Thursday, September 08, 2011

the feelings that arise

There are two things that lure woodworkers back to the shop and from project to new project. The first is a feedback loop in which we see direct results from what we do.  This is a true gift during a time in which many work without seeing positive results each day's efforts.  For the craftsman, the results can be seen moment by moment as work progresses during each small step. When we are able to mentally and physically connect direct positive results to direct action, we see that we have power, we have control, and we have effect. These direct results are not only in the piece of wood we attempt to shape, or the part of the object we attempt to create, but also in the flow of neuro-hormones developed within the body that stimulate feelings of well-being. The second thing that lures the wood worker back to the shop is the display of the finished work. To see relationship develop between another person and what we have created is a powerful self-affirming effect.

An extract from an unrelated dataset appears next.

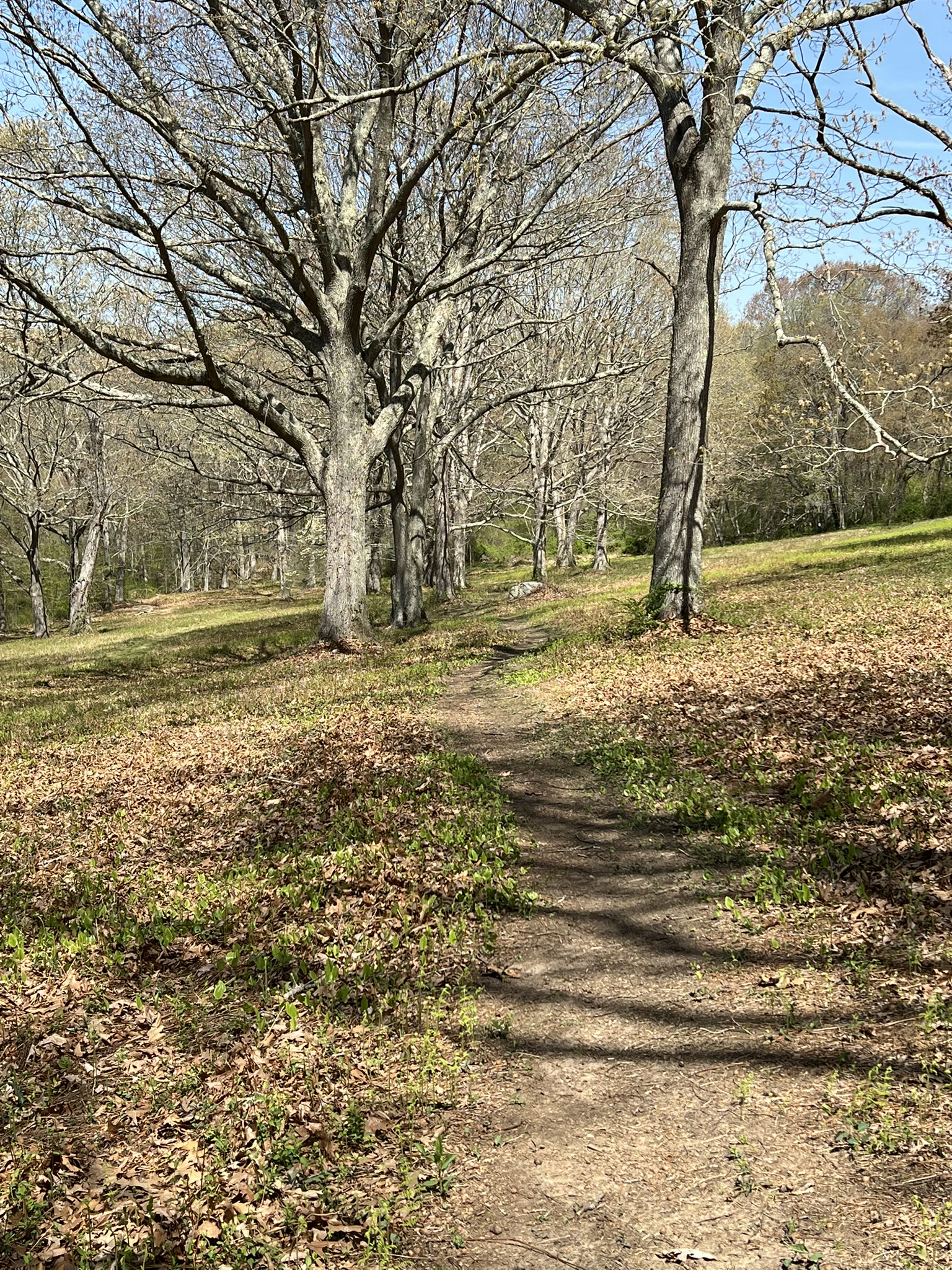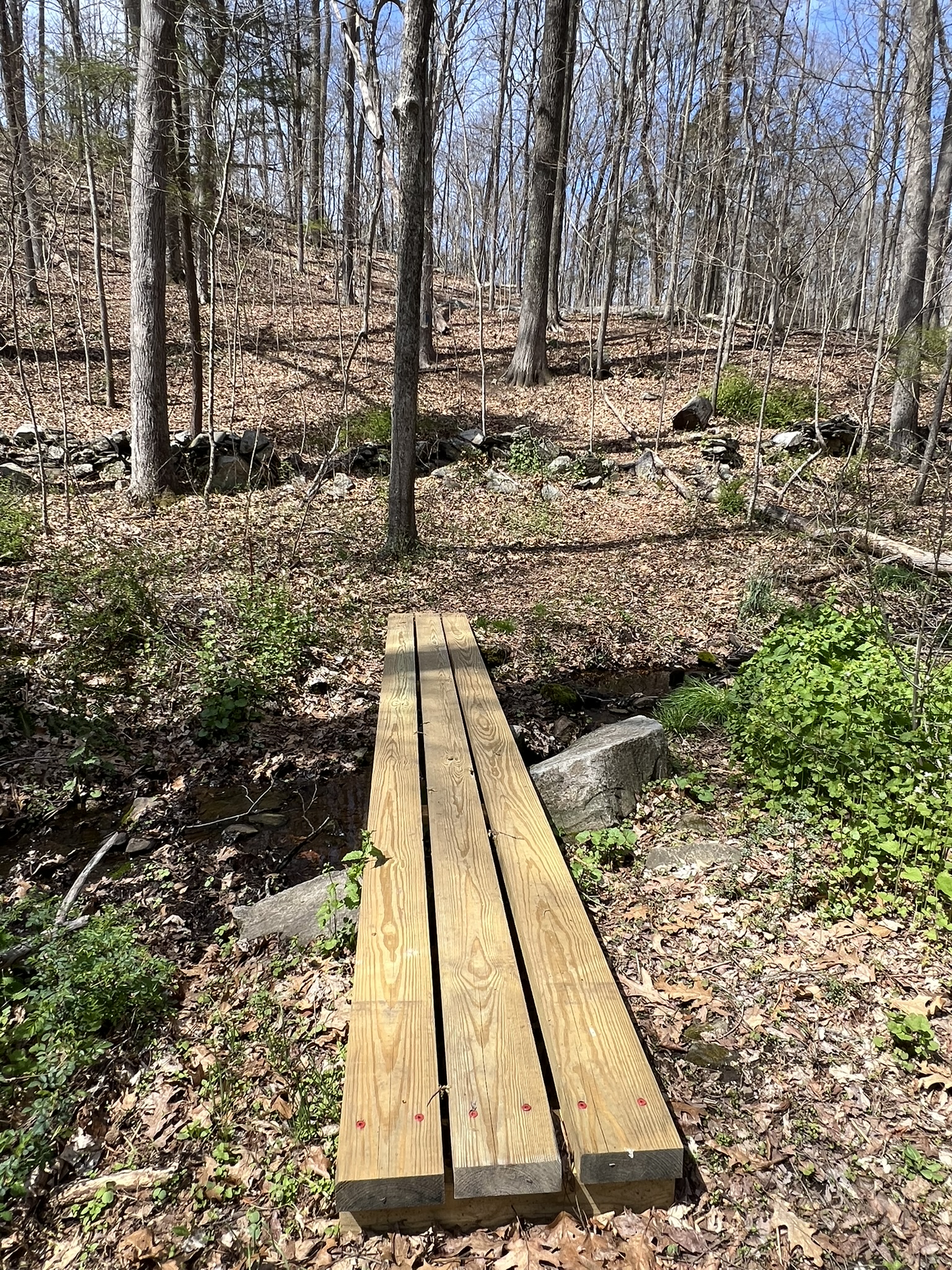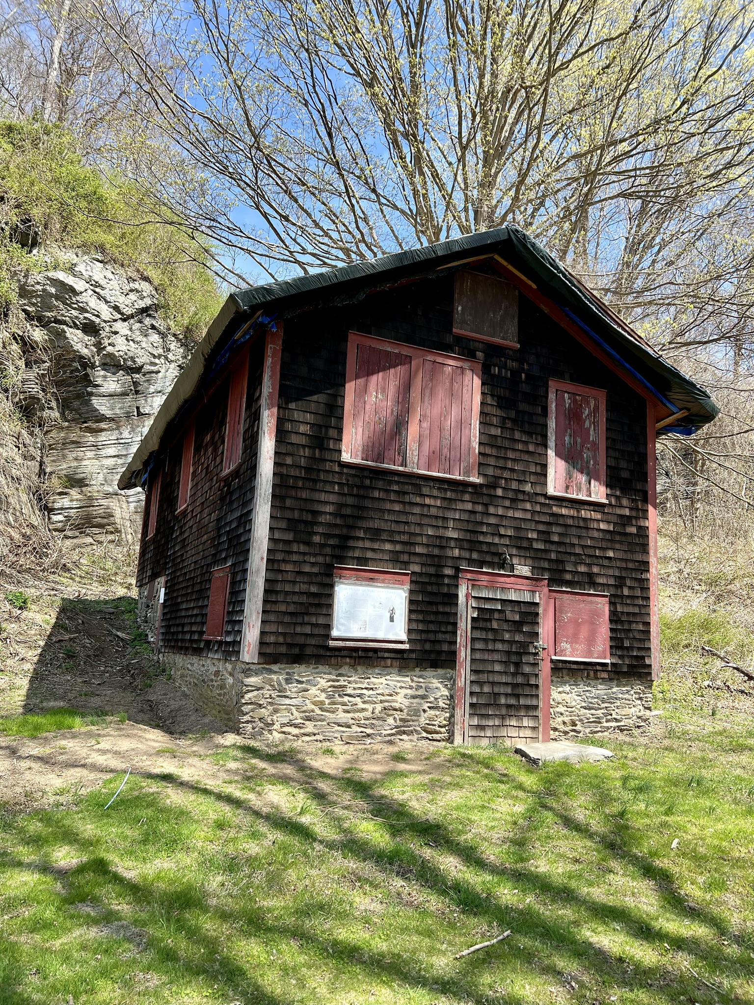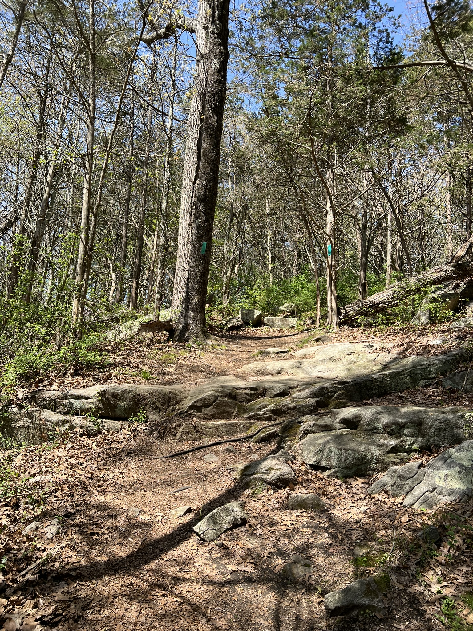 The parking for this sweet little preserve is on Porges Road where there is a pullout with room for several cars. I visited in April before the foliage blocked the river views. While the views will not be visible in summer, it is still a lovely hike, and can be combined with other nearby opportunities to experience the river. This property was acquired from the Duncan estate by the Connecticut River Gateway Commission and later donated to the East Haddam Land Trust. Volunteers have created two trails on the property shown on this TRAIL MAP: a blue loop trail and a bisecting red trail. A short distance from the trailhead is the original site of St. Stephen’s Episcopal Church, constructed in 1791 and moved its current location on Main Street in 1921. There are some of the original foundation stones and a signboard with details about the Church’s history. From there, the trail descends steeply to the site of an old rock quarry which provided much of the stone used in the construction of the Church. When the blue trail diverged, I stayed to the right to do a counter-clockwise loop, ignoring the next intersection with the red trail and continuing straight. After a short distance I reached a rocky outcropping with a double Adirondack Chair that offered seasonal views of the Connecticut River. I hadn’t planned on taking a break this early in my hike but I could not resist. From there, the trail parallels the river for a distance before looping around. When I reached the other red trail intersection I took it to cross back to the blue trail, then followed blue past the rock quarry until I once again reached the red trail. At this point I retraced my steps to my car. I managed to eke out just over one mile.
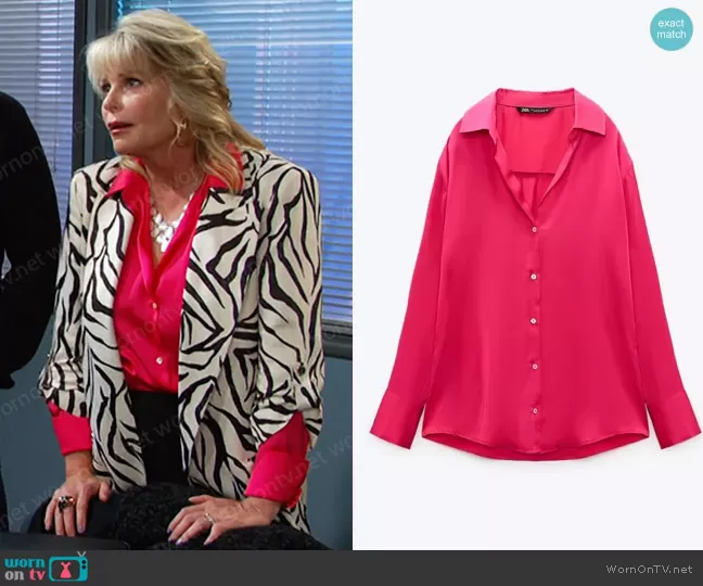 Bonnie Lockhart (played by Judi Evans) on Days of our Lives on Peacock was spotted wearing this pink blouse and zebra print jacket on Days of our Lives on Jan 06 2023's episode. Bonnie's Top is the Satin Effect Shirt in Fuchsia by Zara . Bonnie's Jacket is the Blazer with Rolled-Up Sleeves by Zara.

In these two components are the foundation of self-actualization. We most clearly discover ourselves when we are lost in our own creativity, and if we were wanting to create self-actualized human beings as a result of our process of education, we would start children early on the journey of craftsmanship and the arts, developing tangible skills that can be shared with others.  But we seem to have other less practical goals for American education that have nothing to do with the feelings that arise within each child.

Today in the Clear Spring School woodshop, students in 4th, 5th and 6th grades will be making Costa Rican tree frog musical instruments, and the 10th, 11th and 12th grade students will be making easels to be used in art class.  For your feelings' sake,

Make, fix and create...


  1. Doug,
    Great blog, I've been following it for several weeks now. Having been a parent, and an educator (college English), and a maker (building exhibits at a science center), I find much of what you say really hits home. Please keep it up.

    Jim Dillon

  2. Jim, I'm glad you've found your way to the blog. Thanks for the kind words and for introducing yourself.